Weight Training Wins.
As you increase your muscle mass you burn more fat. It is a simple concept, but one that many aerobics addicts seem to miss in their quest for leaner bodies.
For those that want to lose fat, aerobic activity isn’t enough. Yes you burn calories by doing cardiovascular activity, and yes it is an important part of a body fat reduction, but it is only half the story.
If you were to jump on a treadmill and hammer out a few miles, how many calories will you burn? Well, on average, between 600 to 800 calories. But considering you swallowed down just as many with your morning bagel, can you really expect to make progress? Granted, you still burn energy when you are off that treadmill, but if you really want to get serious about body fat reduction you need to start lifting weights.
Weights?! I must be crazy; weights make people bigger, not smaller… don’t they?
Resistance training, or weight training will increase your muscle mass, but if you stick at it, you can actually reduce your overall size. You have control over just how much muscle tissue you put on, and believe me, it takes incredible willpower and dedication to put on the type of muscle you may be worried about.
Resistance training for body fat reduction gently increases the bodies muscle mass, while sculpting a beautifully defined body. When people admire ‘toned’ bodies, they are admiring a body that has some muscle definition. Weight loss without muscle gain will result in a soft, spongy body, not the ‘toned’ look that so many people admire.
More importantly, for those who are aiming to lose body fat, weight training actually helps you do it faster. Muscle tissue utilizes more energy than fat. If you have more muscle fibers, you will burn more fat, both during and after your aerobic activity. Resistance training and cardio go happily hand-in-hand in a body fat reduction program. They complement one another. Anyone, who is serious about losing fat; needs to incorporate lifting weights. It may sound counter-productive, but believe it or not, this is how your body works.

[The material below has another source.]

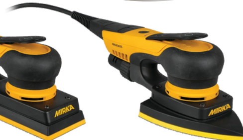
Deos Delta 663CV - 100x152x152mm Sander SKU: MID6630201AN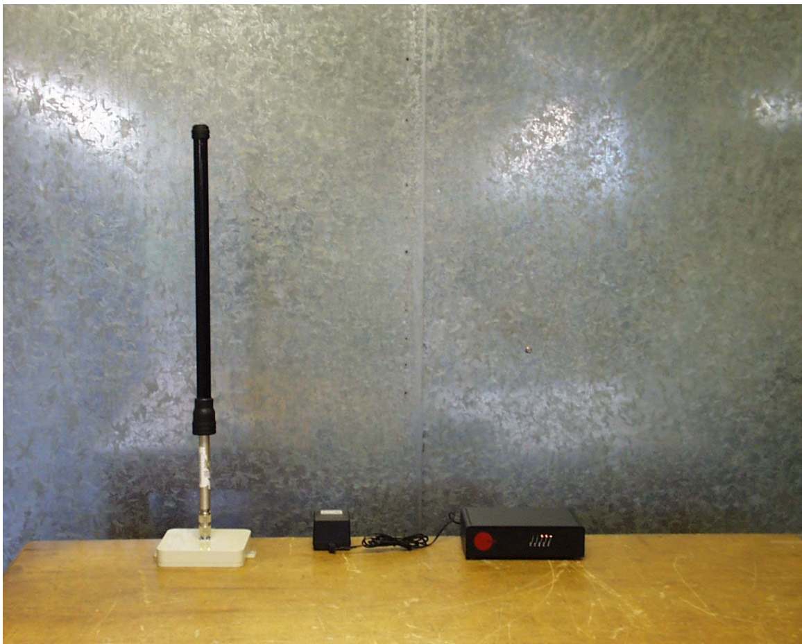
Line conducted test setup, front view

So now that you have the training side under control, all you need to do is go on a diet, right? Wrong. Diets will not help. If you choose to drastically reduce the number of calories in your daily diet, your body will do what it does best: survive. It will quickly switch into survival mode. Realize that your cells don’t understand what you are doing to them when you take away their food source. They believe they are starving. And a starving body will conserve fat stores in order to survive. It will hold onto any source of fuel that it can, with a preference for fat, but it still needs to burn some energy to live. This means it will grab a tight hold of your fat stores and instead utilize the protein — your muscle – as food. So, indeed, a diet will help you lose weight, but it is the wrong type of weight. Not only is this not the original intention, it is dangerous.
Don’t shy away from training with weights. Women especially, turn away from the gym, in the false belief that they will get ‘big’. The problem for many is that they have actually tried weight training — once. They saw that initial muscle gain – didn’t continue long enough to see the fat loss – and only saw themselves getting bigger. They stopped training, too scared to continue, not realizing that just around the corner was the moment when their body composition tipped the balance in their favor and they started seeing a smaller, yet more defined body.
It does happen; you just need to have the courage to see it through. Resistance training is an incredibly important part of any training program; whether it is endurance, strength, sports, training, or body fat reduction program. Not only will it increase your metabolism and help you reach your goal more quickly, it will provide you with definition and shape once you have lost the pounds that plague you.